Employment Trends and Challenges
Michigan’s job growth, which saw a robust start in 2023, began to cool in the latter half of the year. The state’s household employment is currently 2.7% below its all-time high, while payroll employment is 4.1% below its peak. The authors noted, “Although Figure 1 paints an optimistic picture of Michigan’s employment trends, there is cause for concern in the monthly data for June and July.” During these months, household employment declined by 15,800 residents, while payroll employment dipped by 9,800 jobs, pushing the state’s unemployment rate up from 3.9% in May to 4.4% by July.
Despite this, the authors remain hopeful that the Federal Reserve’s efforts to control inflation will lead to lower interest rates, stabilizing the job market. “We are not hitting the panic button just yet,” they said. “Our view is that inflation has retreated decisively enough for the Fed to deliver significant relief on interest rates soon.”
Sector-Specific Outlooks
The forecast reveals divergent trends across various sectors.
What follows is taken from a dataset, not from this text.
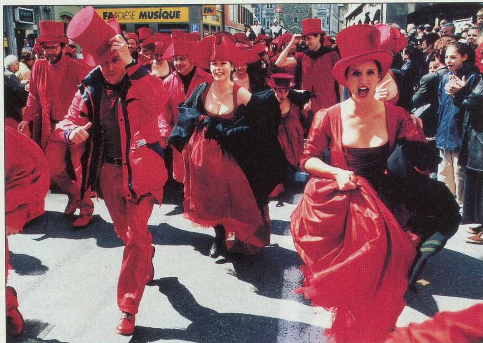
Le Chœur Rouge, fil conducteur du spectacle

Soirée spéciale «Thema» retransmise sur la TSR et sur Arte à l'occasion de la clôture de la fête.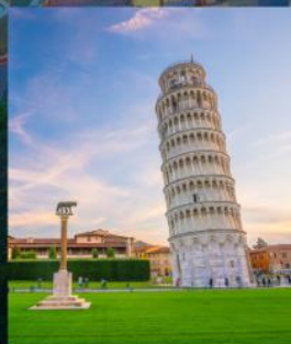
TOWER OF PISA

Michigan’s construction industry, for example, has added 14,700 jobs in the first two quarters of 2024 despite high mortgage rates. The authors project that “the decline in mortgage rates we are projecting will come just in time to prevent a significant downturn in this sector.”
However, the transportation equipment manufacturing industry is expected to face continued challenges, with job losses projected for the next three years. They explain, “Stellantis’ recent announcement that it will lay off up to 2,450 workers at its Warren Truck Assembly plant is emblematic of the industry’s challenges in Michigan.”
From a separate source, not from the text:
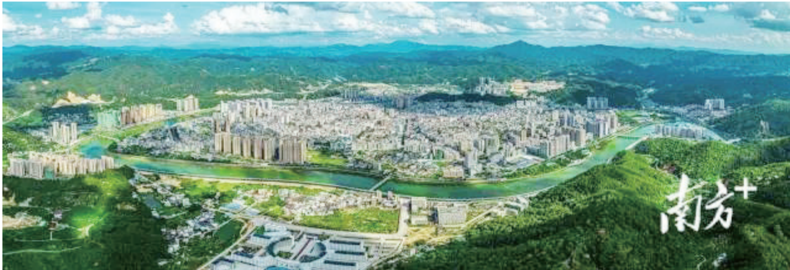
大埔正舉全縣之力推動城鄉區域協調發展，圖為城區航拍。楊開城攝

On a brighter note, the leisure and hospitality industry is anticipated to recover gradually. After shedding jobs in the third quarter, the sector is expected to grow steadily from the end of 2024 through 2026, although it may not return to pre-pandemic employment levels until 2026.
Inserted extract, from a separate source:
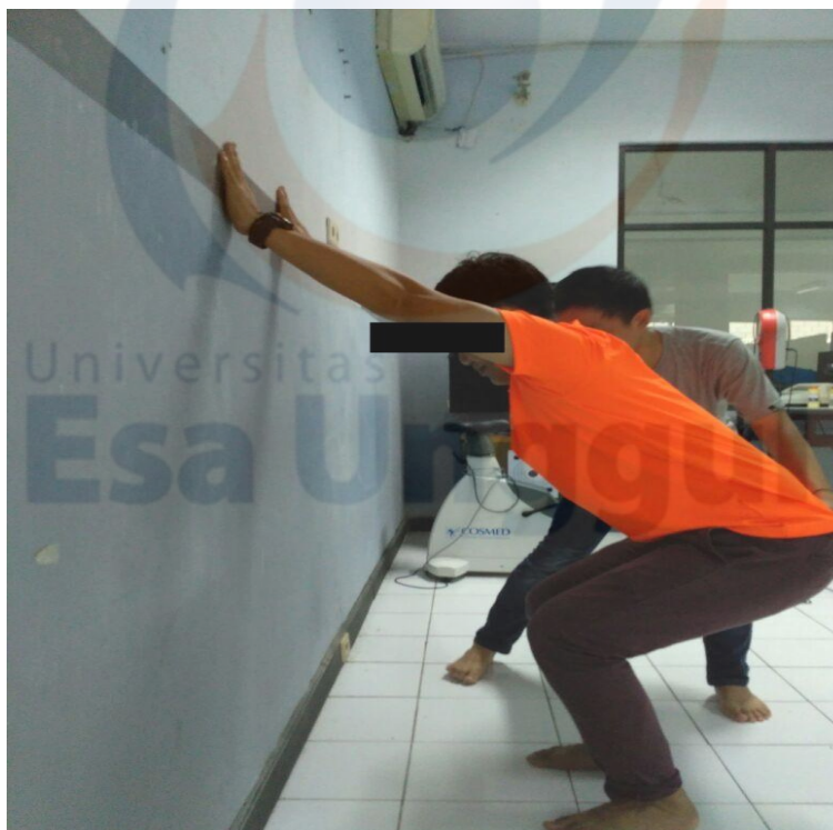
Perlakuan II push wall squat exercise

Inflation and Personal Incomes
The report highlights the volatility of local inflation rates, particularly in the Detroit area, where the shelter cost index has seen significant fluctuations. “We hope this year’s sharp increase in local shelter costs will prove to be another anomaly, followed by a similar decline,” commented the team.
Despite these inflationary pressures, Michigan’s personal income per capita is forecasted to grow by an average of 3.4% annually between 2024 and 2026. “Our forecast brings Michigan’s personal income per capita to approximately $65,800 in 2026, or 35% higher than in 2019,” they added.
Looking Ahead
The RSQE team offers two interpretations of their forecast. The first suggests a challenging economic environment with slowing job growth, rising unemployment, and limited income gains. The second, more optimistic perspective, sees continued growth despite high inflation and interest rates. The authors lean toward the latter view, citing Michigan’s diversification and resilience. “If our forecast proves accurate, Michigan will have added jobs in every year but one in the 16 years from 2011–2026,” they noted, emphasizing the state’s ability to weather economic storms better than in the past.
While Michigan’s economic future remains uncertain, the RSQE’s latest forecast provides a nuanced view that balances caution with optimism, acknowledging the challenges ahead while highlighting the state’s potential for continued growth.